Mitochondrially-related gene expression is correlated with p9 methylation
We identified 5300 genes significantly correlated with p9 methylation. Using principle component analysis, we identified clustering of gene expression profiles by disease state with AD and PSP, and NC and PA grouping together respectively. Of the top gene expression hits, we identified over-represented GO terms related to a number of cellular components and processes using PANTHER. Interestingly, there was an enrichment for mitochondrial components. In addition, some of the GO terms such as DNA repair and cellular response to DNA damage stimulus, appeared to correlate with one of the top genes (i.e.TRAIP) that was identified in the gene-based GWAS. Though some of the GO terms are rather ambiguous, it does imply that p9 methylation is associated with altered transcription of gene-sets important for mitochondrial function.

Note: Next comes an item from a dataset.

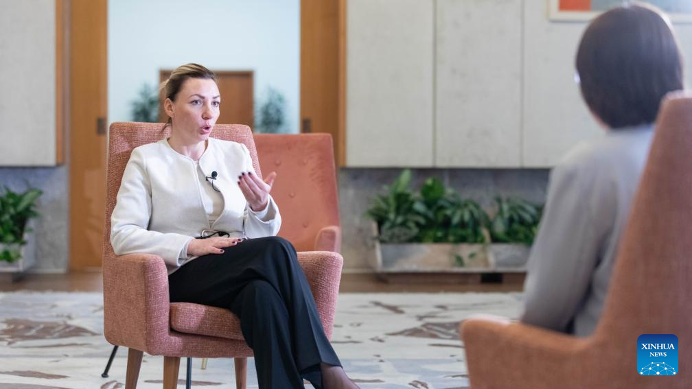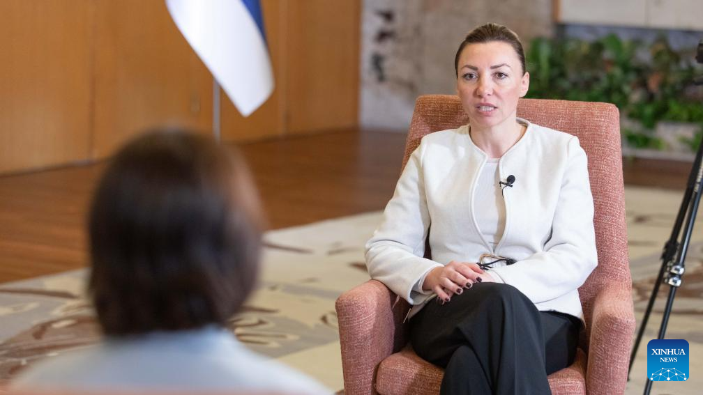 Tatjana Macura, ministra sem pasta da Sérvia responsável pela igualdade de gênero, prevenção da violência contra as mulheres e empoderamento econômico e político feminino, dá entrevista exclusiva à Xinhua em Belgrado, Sérvia, em 2 de outubro de 2025. (Foto por Wang Wei/Xinhua)

Further, of the top 100 transcripts correlated with p9 methylation we identified significant enrichment for toxicity processes including oxidative stress and gene regulation by peroxisome proliferators via PPARα. This is logical given that both oxidative stress and PPARα function have been implicated in aging and age-related pathologies such as diabetes, cardiovascular disease and neurodegeneration (31–33), and have obvious ties to mitochondrial function. PPARα is a transcription factor best recognized for its ability to regulate fatty acid uptake and oxidation and has been implicated in inflammatory processes (34, 35). It is capable of mediating expression of PGC1α, a key regulator of mitochondrial biogenesis and antioxidant defense. Because of this, PPARα is capable of functioning as a neuroprotective factor against oxidative stress through regulation of several mitochondrial proteins, including those involved in processes of mitochondrial dynamics (i.e. fission, fusion) (36) and has also been identified as a therapeutic target for neuroinflammation (37).